Рукописи, с другой стороны, можно по праву рассматривать не только как критику гегелевской концепции, но и как критическое преодоление Марксом своей собственной философской совести, как самокритику.
И особенно важным в этом отношении является рассмотрение Марксом проблемы связи теории с чувственно — практической деятельностью, материалистическое решение которой, достигнутое им именно в этот период, и составляет подлинное ядро и центр рукописей.
Это — как раз та проблема, в постановке которой Маркс с самого начала по существу резко расходится также и с Фейербахом, который в этом отношении не смог сделать ни одного шага дальше других левогегельянцев.

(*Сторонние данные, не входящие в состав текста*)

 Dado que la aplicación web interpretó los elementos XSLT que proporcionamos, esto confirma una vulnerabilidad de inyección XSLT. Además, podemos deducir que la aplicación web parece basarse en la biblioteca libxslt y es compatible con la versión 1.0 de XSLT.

В этом смысле «рукописи» представляют собой «подготовительные работы» не только к «Святому семейству», но не в меньшей мере — и к «Немецкой идеологии».
Вопрос о практической, о революционно — практической роли теории, вопрос о той органической связи, которая существует между революционным преобразованием мира идей — и непосредственно — практическим революционным преобразованием мира, существующего вне головы, вне сознания — т. е. политической революцией — является для Маркса центральным вопросом с самого начала его самостоятельного философского развития.

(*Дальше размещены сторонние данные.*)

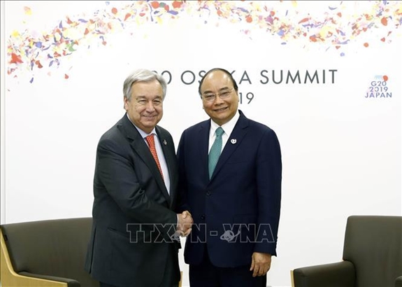 Tổng Thư ký LHQ Antonio Guterres chúc mừng Việt Nam đã trở thành Ủy viên không thường trực Hội đồng Bảo an LHQ nhiệm kỳ 2020-2021, cho rằng Việt Nam sẽ là nhân tố quan trọng, đóng góp tích cực vào hoạt động của Hội đồng Bảo an. Tổng Thư ký LHQ đánh giá cao tinh thần trách nhiệm của Việt Nam đóng góp vào hòa bình, ổn định trên thế giới, trong đó có việc tiếp tục cử lực lượng Gìn giữ hòa bình tới Nam Sudan; khẳng định sẽ ủng hộ Việt Nam hoàn thành tốt các vai trò tại LHQ. Thủ tướng Nguyễn Xuân Phúc trân trọng mời Tổng Thư ký LHQ thăm Việt Nam và dự các hoạt động liên quan của ASEAN trong năm 2020 và Tổng Thư ký LHQ vui vẻ nhận lời.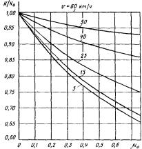 Рис. 7.3. График для расчета допустимой скорости движения поездной нагрузки Допустимую скорость движения нагрузки устанавливают по графику на рис. 7.3. Для этого на график наносят точку, отвечающую вычисленному значению К/К0 и динамической добавке m0. Динамическую добавку m0 определяют: для главной балки по формуле

Уже в докторской диссертации, т. е. еще в тот период, когда Маркс полностью разделяет все основные идеи гегелевского идеализма в их левогегельянской интерпретации, — Маркс обращает особое внимание на вопрос об «обмирщении» философии, о воплощении идей, выработанных теоретиками, в чувственную действительность, в практическую деятельность, направленную против существующей чувственной действительности. Но этот акцент свойственен не только Марксу. Этот мотив звучит также и в произведениях других представителей левого крыла гегелевской школы, и вполне увязывается с представлениями Гегеля о развитии общества.
Гегелевская концепция общественного развития — особенно явственно эта ее сторона проступает при ее левогегельянской интерпретации — ничуть не противоречит тому пониманию, что философия, пройдя цикл утробного развития под черепом теоретика, затем воплощается в практически — чувственную волю, направленную на изменение существующей чувственной действительности.
Объективно — идеалистическая философия Гегеля (в отличие от субъективного идеализма) не только мирится с существованием чувственного мира вне и независимо от сознания людей, но и предполагает существование этого мира в качестве той материи, в которой воплощается творческая деятельность духа, формирующая деятельность самосознания.
По Гегелю, и человеческий дух, и чувственная, вне его существующая действительность представляют собою две различные формы деятельности духа абсолютного, противоположности в едином лоне этого духа. Человеческий дух, по Гегелю, преодолевает своей деятельностью противоположность между собою и вне его существующей чувственной действительностью, приобщаясь, таким образом, к жизни абсолютного субъекта, духа, идеи, бога.
Чувственная реальность, существующая вне головы человека, для Гегеля есть продукт абсолютного духа, его творческой деятельности, отчужденная, опредмеченная, овеществленная логическая идея. Отсюда вытекает и понимание того, как человеческий разум и воля должны относиться к чувственному миру.